Section 1 Conditional Agreement to Waive Rights.
(a) Subject to the conditions set forth in Section 1(b) below, effective as of the Effective Date, the parties to this Waiver consent to and waive any provision of the Agreement, solely to the limited extent necessary to permit and effectuate the Offering (as described below), including, but not limited to, restrictions, pre-emptive anti-dilution rights and notice obligations pursuant to Section 4(t) of the Agreement, that would otherwise prohibit or restrict any party to the Agreement from participating in the offering and sale of shares of the Company’s common stock, par value $0.0001 per share (“Common Stock”), and immediately exercisable pre-funded warrants, dated on or about the Effective Date, to purchase shares of Common Stock (the “Offering”), in reliance upon the exemption from securities registration afforded by Section 4(a)(2) of the Securities Act of 1933, as amended, and Rule 506 of Regulation D promulgated under such Act..
(b) The waivers and consents set forth in Section 1(a) are subject to the following conditions:
(i) Sunset and Reversion. This Waiver shall automatically terminate and be of no further force or effect upon the earliest of (a) the closing of the Offering, (b) written termination or withdrawal of the Offering by the Company, or (c) ninety (90) days following the Effective Date. Upon termination, all rights, remedies, protections, and obligations of the parties under the Agreement shall automatically be reinstated in full without further action by any party.

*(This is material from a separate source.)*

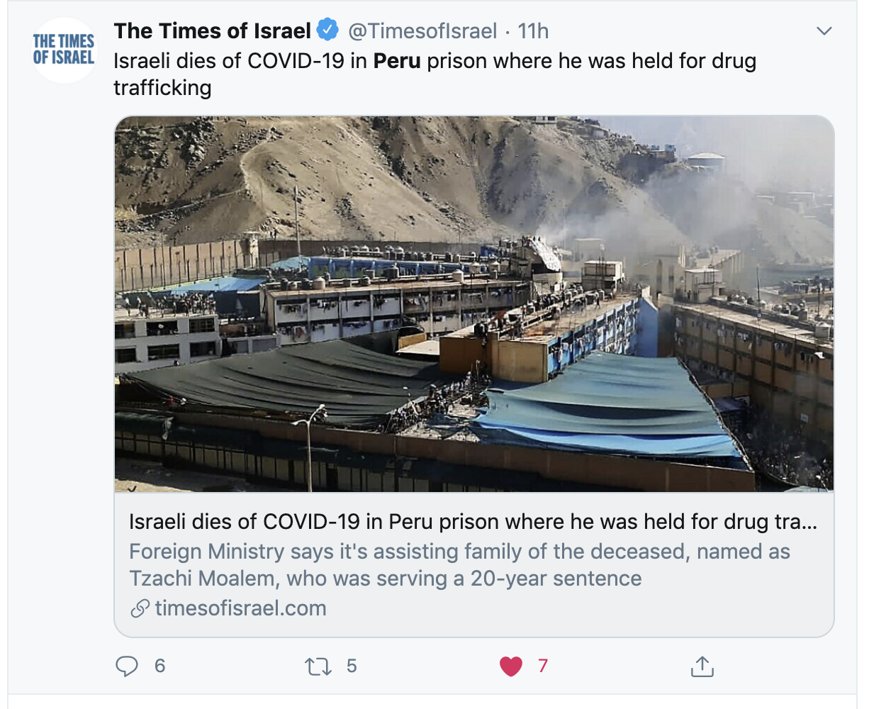 Israeli dies of COVID-19 in Peru prison where he was held for drug trafficking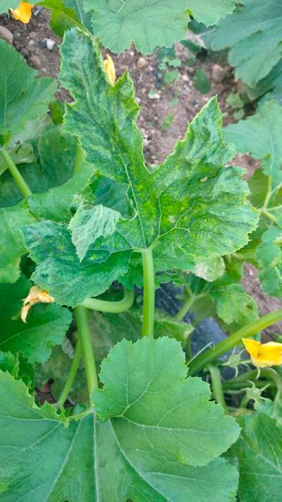 أوراق الكوسة صفراء و فيها أماكن بيضاء

(ii) Reservation of Rights. Except solely as expressly waived herein with respect to the Offering, the Investors expressly retain all rights, preferences, powers, remedies, and protections under the Agreement, at law, and in equity, including without limitation voting rights, governance rights, and remedies for breach.
Section 2 Governing Law. The corporate law of the State of New York will govern all issues and questions concerning the relative rights of the Company and its equityholders pursuant to this Waiver.
Section 3 Effect on Agreement. Except as set forth herein, all other terms and conditions of the Agreement are unaffected hereby and remain in full force and effect.
Section 4 Counterparts. This Waiver may be executed in multiple counterparts, any one of which need not contain the signature of more than one party, but all such counterparts taken together will constitute one and the same agreement.
Section 5 Entire Agreement. Except as otherwise provided herein, this Waiver and the Agreement contain the complete agreement and understanding among the parties hereto with respect to the subject matter hereof and supersedes and preempts any prior understandings, agreements or representations by or among the parties hereto, written or oral, which may have related to the subject matter hereof in any way.
[Signature Page Follows]
IN WITNESS WHEREOF, the parties have executed this Waiver to the Securities Purchase Agreement as of the date first written above.
| Solidion Technology, Inc. | ||
| By: | /s/ Jaymes Winters | |
| Name: | Jaymes Winters | |
| Title: | Chief Executive Officer | |
[Signature Page to Waiver of Securities Purchase Agreement – Project Shadow]
IN WITNESS WHEREOF, the parties have executed this Waiver to the Securities Purchase Agreement as of the date first written above.
| BAYSIDE PROJECT LLC: | ||
| By: | /s/ Henry Ikezi | |
| Name: | Henry Ikezi | |
| Title: | Manager | |
| MADISON BOND LLC | ||
| By: | FUN Investment Homes, LLC, its Manager | |
| By: | /s/ Henry Ikezi | |
| Name: | Henry Ikezi | |
| Title: | Manager | |
[Signature Page to Waiver of Securities Purchase Agreement – Project Shadow]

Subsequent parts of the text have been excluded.